[jira] [Updated] (LUCENE-10572) Can we optimize BytesRefHash?

Michael McCandless (Jira) Fri, 13 May 2022 12:14:05 -0700


     [ 
https://issues.apache.org/jira/browse/LUCENE-10572?page=com.atlassian.jira.plugin.system.issuetabpanels:all-tabpanel
 ]


Michael McCandless updated LUCENE-10572:
----------------------------------------
    Description: 
I was poking around in our nightly benchmarks 
([https://home.apache.org/~mikemccand/lucenebench]) and noticed in the JFR 
profiling that the hottest method is this:
{noformat}
PERCENT       CPU SAMPLES   STACK
9.28%         53848         org.apache.lucene.util.BytesRefHash#equals()
                              at org.apache.lucene.util.BytesRefHash#findHash()
                              at org.apache.lucene.util.BytesRefHash#add()
                              at org.apache.lucene.index.TermsHashPerField#add()
                              at 
org.apache.lucene.index.IndexingChain$PerField#invert()
                              at 
org.apache.lucene.index.IndexingChain#processField()
                              at 
org.apache.lucene.index.IndexingChain#processDocument()
                              at 
org.apache.lucene.index.DocumentsWriterPerThread#updateDocuments() {noformat}
This is kinda crazy – comparing if the term to be inserted into the inverted 
index hash equals the term already added to {{BytesRefHash}} is the hottest 
method during nightly benchmarks.

Discussing offline with [~rcmuir] and [~jpountz] they noticed a few 
questionable things about our current implementation:
 * Why are we using a 1 or 2 byte {{vInt}} to encode the length of the inserted 
term into the hash?  Let's just use two bytes always, since IW limits term 
length to 32 K (< 64K that an unsigned short can cover)

 * Why are we doing byte swapping in this deep hotspot using {{VarHandles}} 
(BitUtil.VH_BE_SHORT.get)


 * Is it possible our growth strategy for {{BytesRefHash}} (on rehash) is not 
aggressive enough?  Or the initial sizing of the hash is too small?

 * Maybe {{MurmurHash}} is not great (causing too many conflicts, and too many 
{{equals}} calls as a result?) – {{Fnv}} and {{xxhash}} are possible "upgrades"?

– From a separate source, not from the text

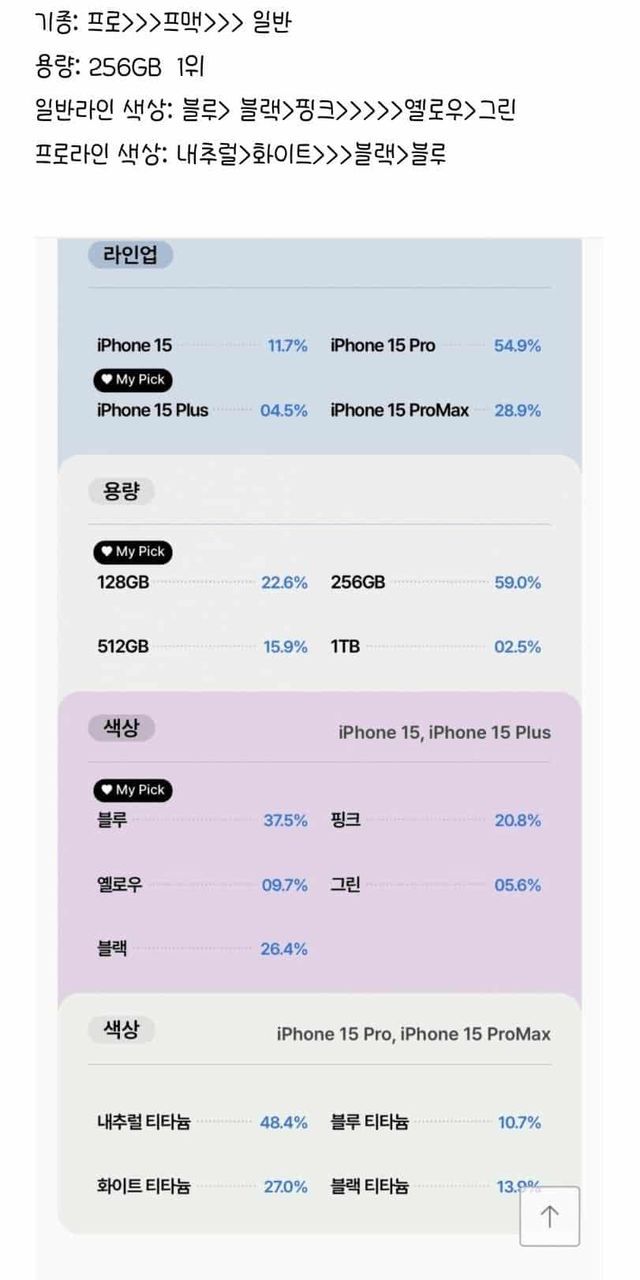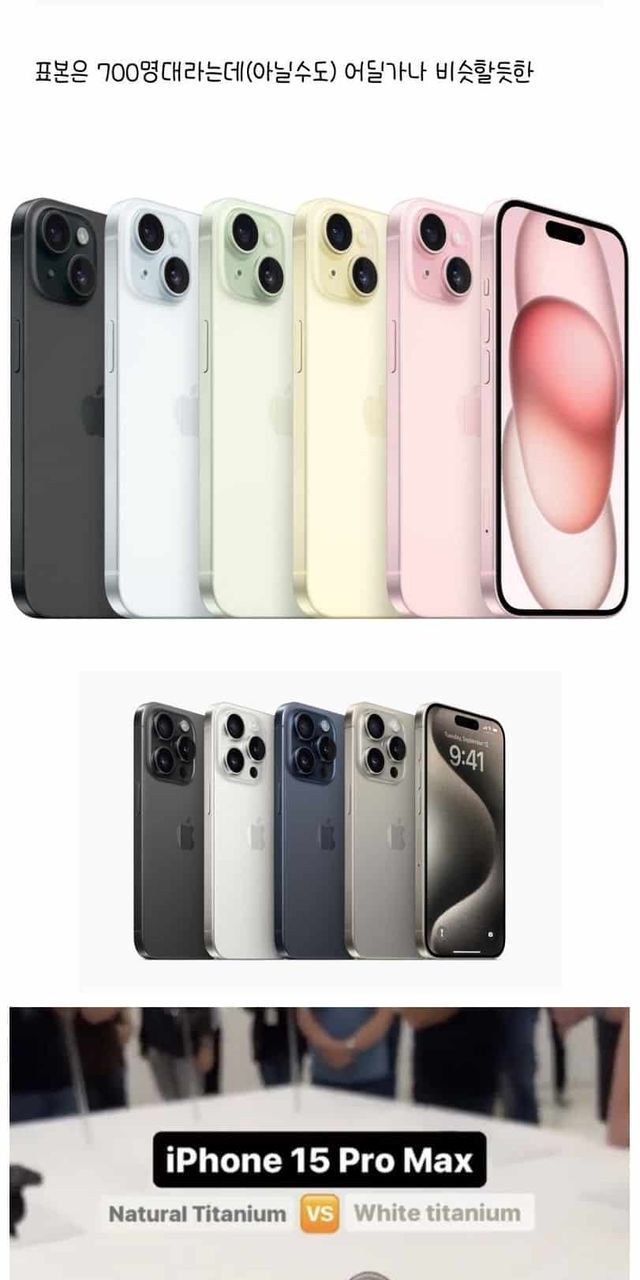 아이폰15 기종, 색상, 용량 수요조사 순위 ,,
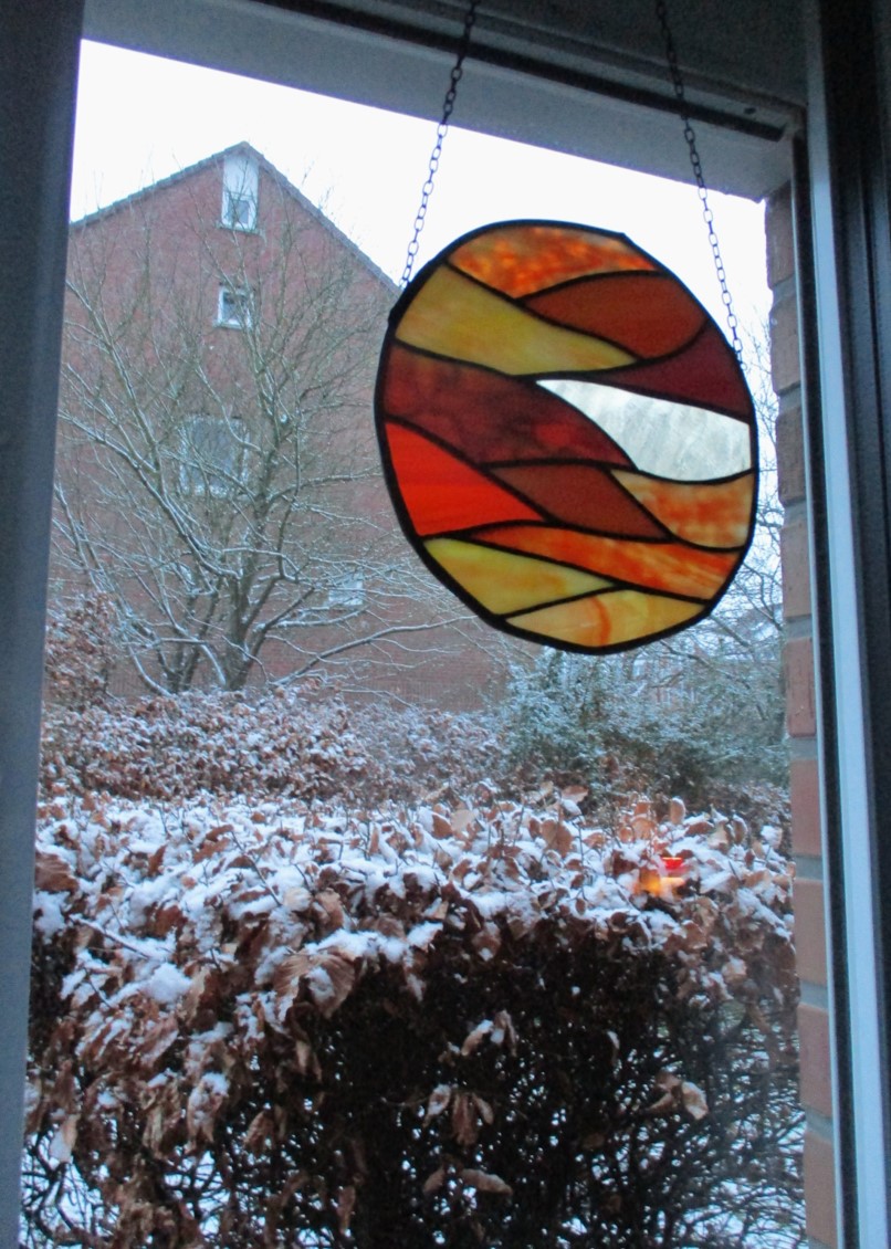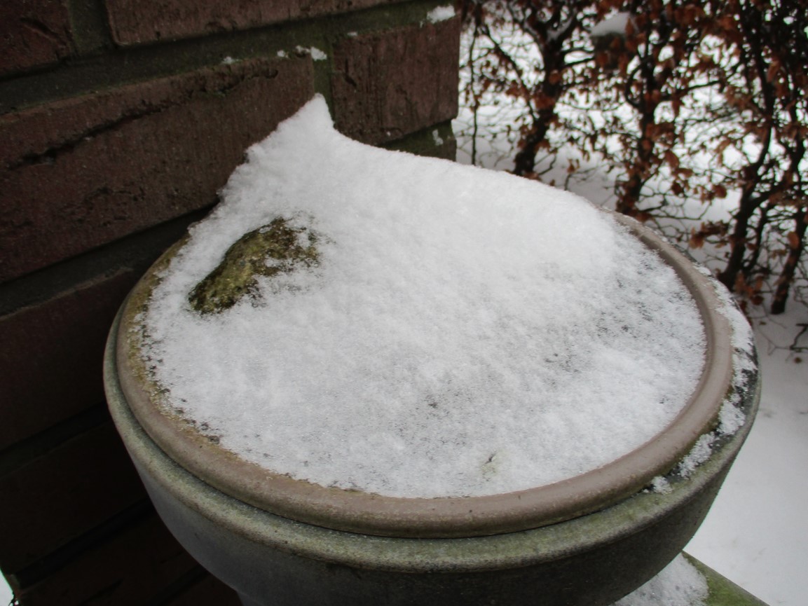 Das Vogelbad ist tags drauf durchgefroren, mit etwas verstärkter Kleinstschneewehe bedeckt.

 * If we stick with {{{}MurmurHash{}}}, why are we using the 32 bit version 
({{{}murmurhash3_x86_32{}}})?

 * Are we using the JVM's intrinsics to compare multiple bytes in a single SIMD 
instruction ([~rcmuir] is quite sure we are indeed)?

 * [~jpountz] suggested maybe the hash insert is simply memory bound

 * {{TermsHashPerField.writeByte}} is also depressingly slow (~5% of total CPU 
cost)

I pulled these observations from a recent (5/6/22) profiler output: 
[https://home.apache.org/~mikemccand/lucenebench/2022.05.06.06.33.00.html]

Maybe we can improve our performance on this crazy hotspot?

Or maybe this is a "healthy" hotspot and we should leave it be!

  was:
I was poking around in our nightly benchmarks 
([https://home.apache.org/~mikemccand/lucenebench]) and noticed in the JFR 
profiling that the hottest method is this:
{noformat}
PERCENT       CPU SAMPLES   STACK
9.28%         53848         org.apache.lucene.util.BytesRefHash#equals()
                              at org.apache.lucene.util.BytesRefHash#findHash()
                              at org.apache.lucene.util.BytesRefHash#add()
                              at org.apache.lucene.index.TermsHashPerField#add()
                              at 
org.apache.lucene.index.IndexingChain$PerField#invert()
                              at 
org.apache.lucene.index.IndexingChain#processField()
                              at 
org.apache.lucene.index.IndexingChain#processDocument()
                              at 
org.apache.lucene.index.DocumentsWriterPerThread#updateDocuments() {noformat}
This is kinda crazy – comparing if the term to be inserted into the inverted 
index hash equals the term already added to {{BytesRefHash}} is the hottest 
method during nightly benchmarks.

Discussing offline with [~rcmuir] and [~jpountz] they noticed a few 
questionable things about our current implementation:
 * Why are we using a 1 or 2 byte {{vInt}} to encode the length of the inserted 
term into the hash?  Let's just use two bytes always, since IW limits term 
length to 32 K (< 64K that an unsigned short can cover)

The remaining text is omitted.